Rob McKay: his Canterbury Trail began with the Mormons.


Last year Taonga launched ‘The Canterbury Trail’ – a series of stories about folk who’ve left the denominations in which they started their Christian lives, to make their way into the Anglican Church.
Rob McKay is another pilgrim on that winding trail. Rob is a priest who has an MTh (Hons), he’s Tai Tokerau’s Community Theologian and Examining Chaplain, he’s taught at the Tai Tokerau taapapa for the past seven years, and he’s just become a Territorial Army chaplain.
His is a journey that’s had more twists and turns than most.
As acts of teen rebellion go, Rob McKay’s trips to the local Mormon chapel might seem fairly muted. Sunday after Sunday through the 1970s, he’d rise early, climb into his Sunday best, knot his tie, slick his hair and walk, by himself, from his Deas Place home to the Otahuhu shops in Great South Rd.
There, he’d hop on a bus that trundled south to Papatoetoe. He’d hop off there and walk to the local Latter Day Saints’ chapel.
That was it. He’d head straight back home at the end of the service.
Nonetheless, these were feats of defiance, protests against a chaos which daily threatened to engulf him.
Rob’s mum, who has Kahungunu, Ngati Porou and Ngati Mahuta ties, had become pregnant after she got together with a young visiting Scotsman. But he returned to Scotland before Rob was born, in November 1958.
Rob’s aunty Audrey (his mum’s sister) and her husband Bob – both devout Mormons – stepped into the breach, nurturing that baby boy.

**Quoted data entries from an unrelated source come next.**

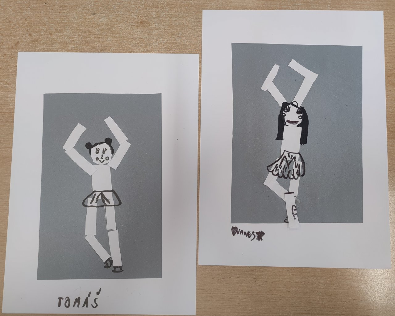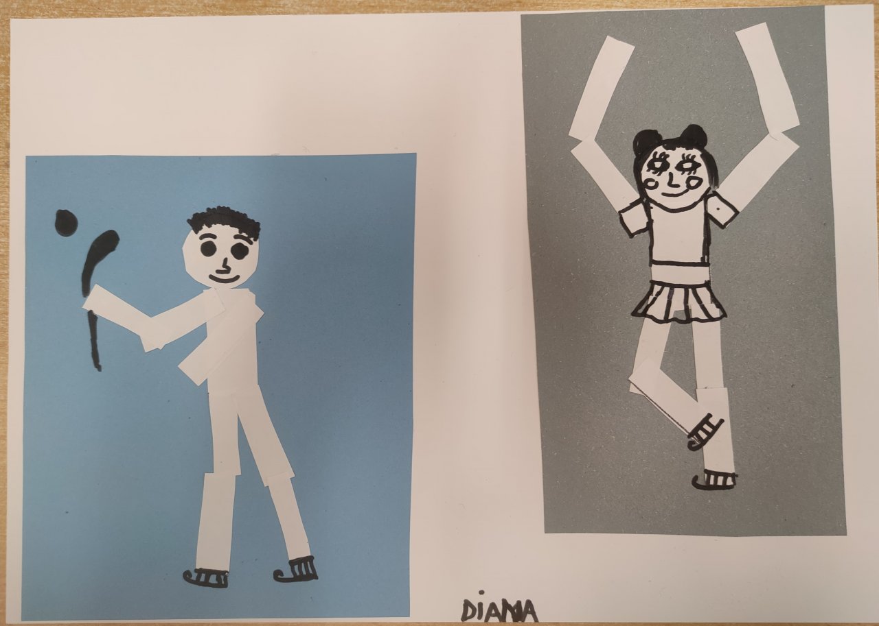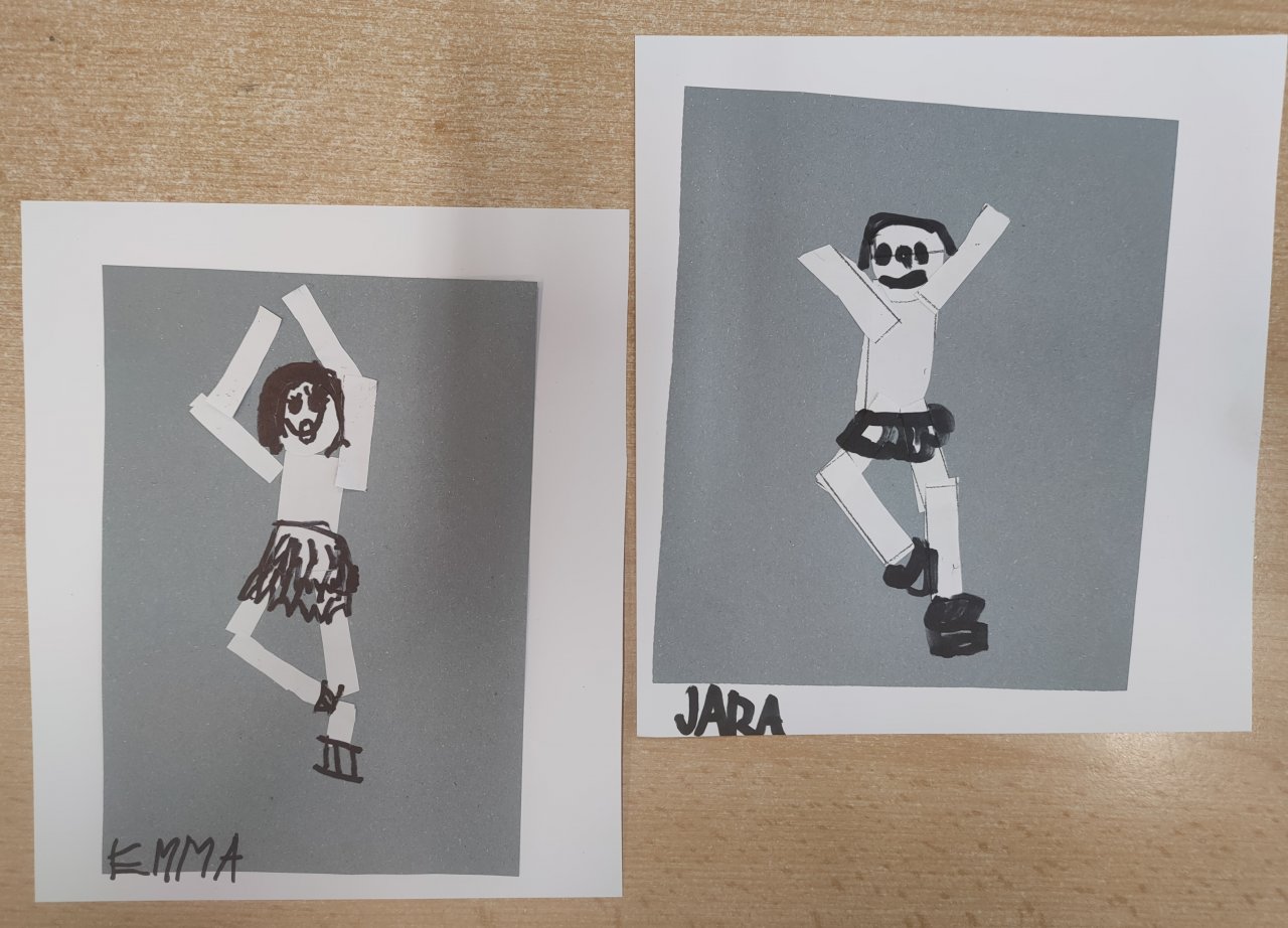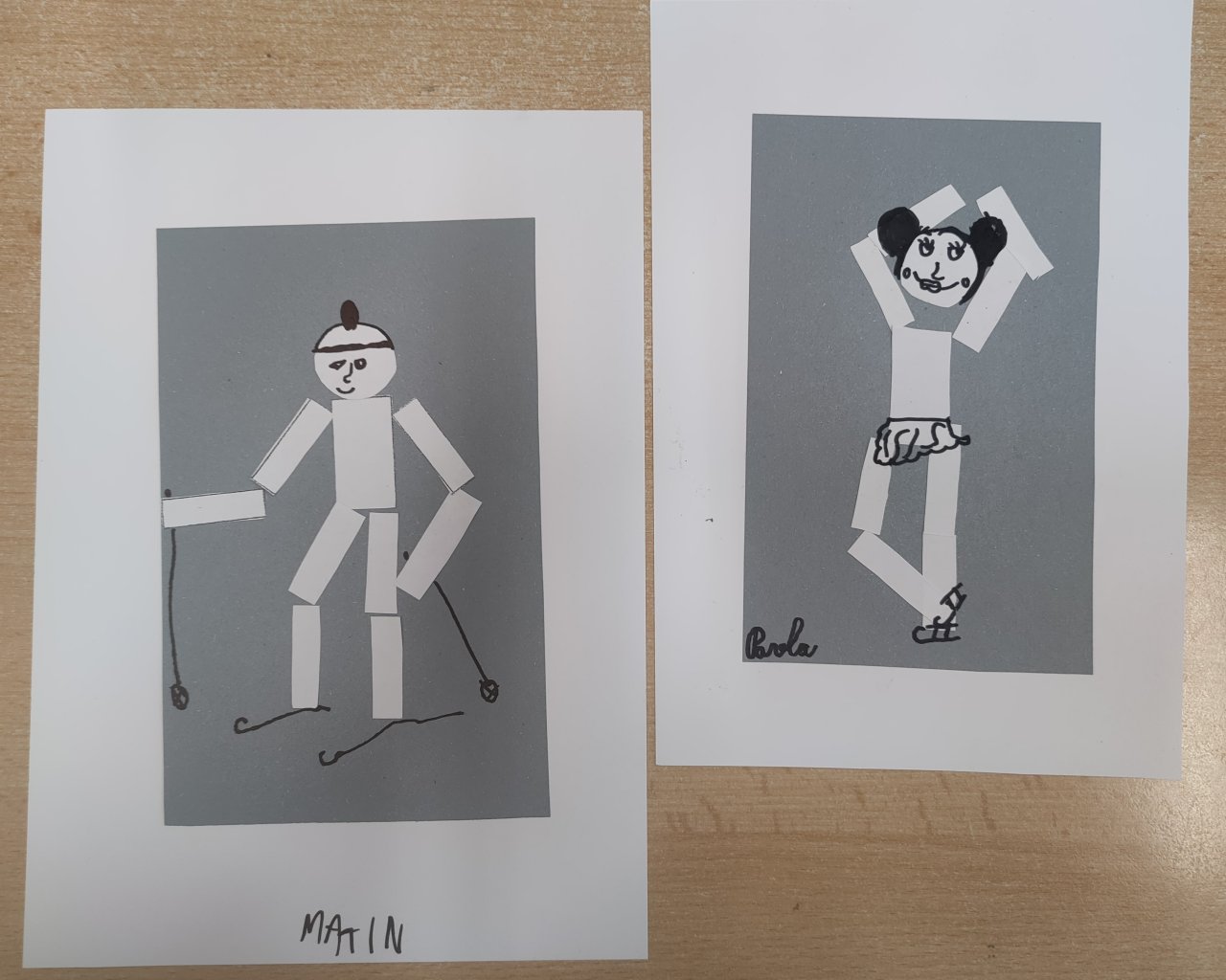 Žáci vystřihovali geometrické tvary a skládali z nich lidské postavy při zimních sportech. Následně postavy dokreslily černým fixem.
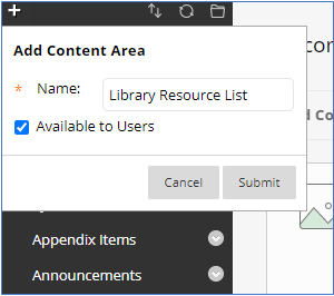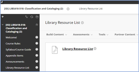 - Select the “Library Resource List” option. This will add the link to your new module.
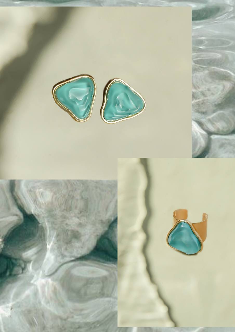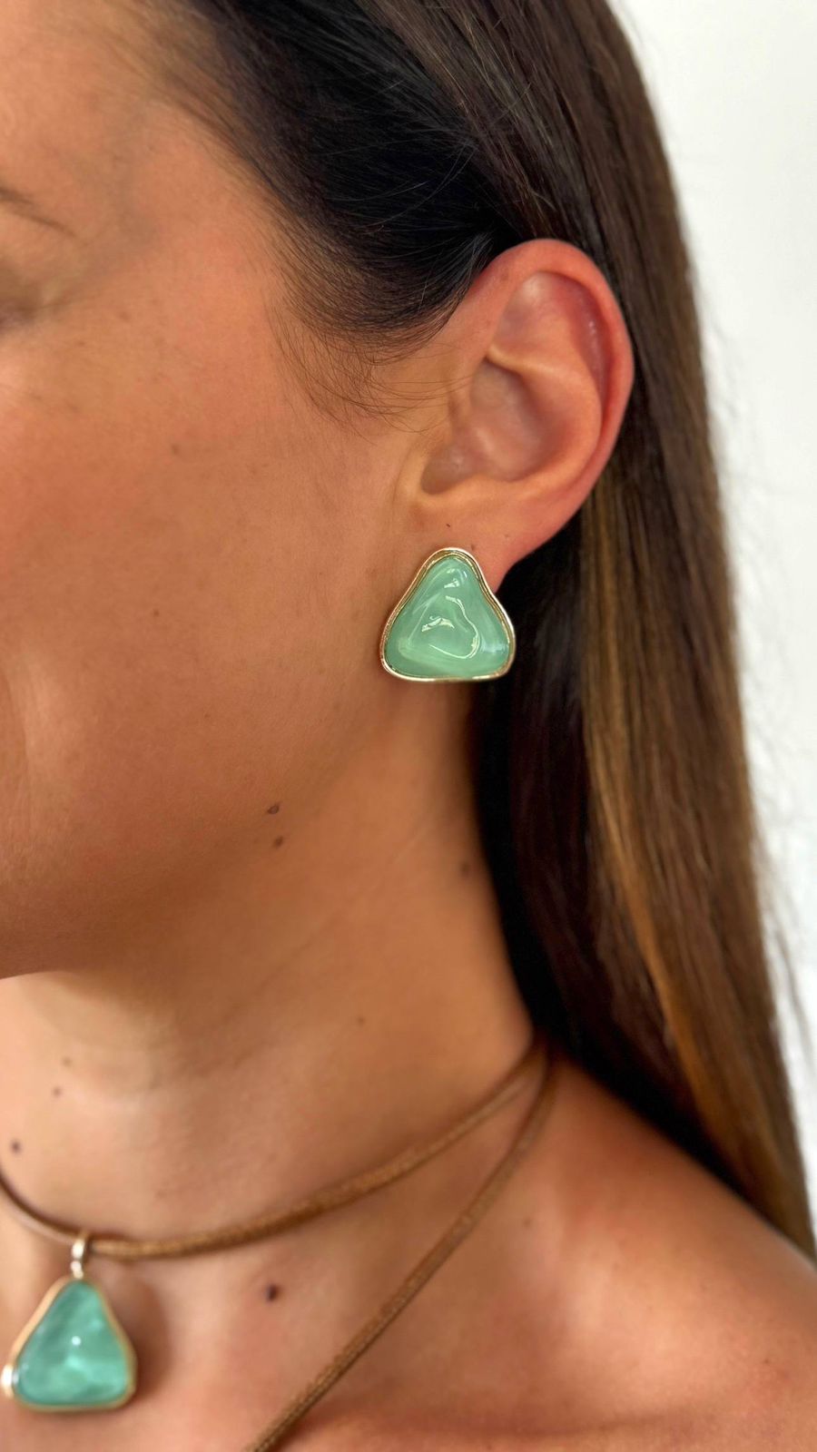 Brinco emoldurado em ouro 18K com pedra verde translúcida triangular.

Then, when Rob was 2, his mum married a Dutch immigrant. Now secure – as she thought – she plucked baby Rob from her sister, and began rearing him in this Maori Affairs home, where a further three children were raised.
Trouble was, that marriage was turbulent, and that home was no safe place for children.
Rob’s stepfather was a violent man. She’d sometimes needle him, too, and he’d respond with such violence that on a couple of occasions he wound up in Mt Eden Prison.
Sometimes, when Rob’s mum sensed things were about to blow, she’d pack young Rob on a bus to her parents. They were from Mahia, but had moved to Hamilton to be close to the Mormon temple.
The contrast between the two ways of living couldn’t have been more graphic: the one violent and dysfunctional; the other calm, clean-living, alcohol-free, pious and family-centred.
No surprises, then, that the Mormon chapel became Rob’s substitute for a loving family.
“I could never be lonely,” he says, “because I had the church. My relatives were involved – my cousins, my aunts and uncles and my grandparents – but in the Mormon Church, regardless of whether you’re blood-related or not, we call each other brother and sister anyway. You feel like you’re part of the family.”
Young Rob, so determined not to be like his immediate kin, progressed quickly through the Mormon ranks. Baptised at the age of 8, he became a deacon, teacher and then, at the age of 16, a Mormon priest.
He was sent to Church College – the Mormon secondary school next to Hamilton’s Mormon temple – and that’s where he heard the word that he greeted with relief: that his mother and stepfather had finally divorced.
His two younger half-brothers and half-sister didn’t handle that news so well, or the miserable life that had gone before it. Rob’s half-sister drifted to Australia and fell in with the wrong crowd. For 10 years she struggled with drug addiction, and she turned to prostitution to feed her habit. She died of a drug overdose in 1989, aged 27.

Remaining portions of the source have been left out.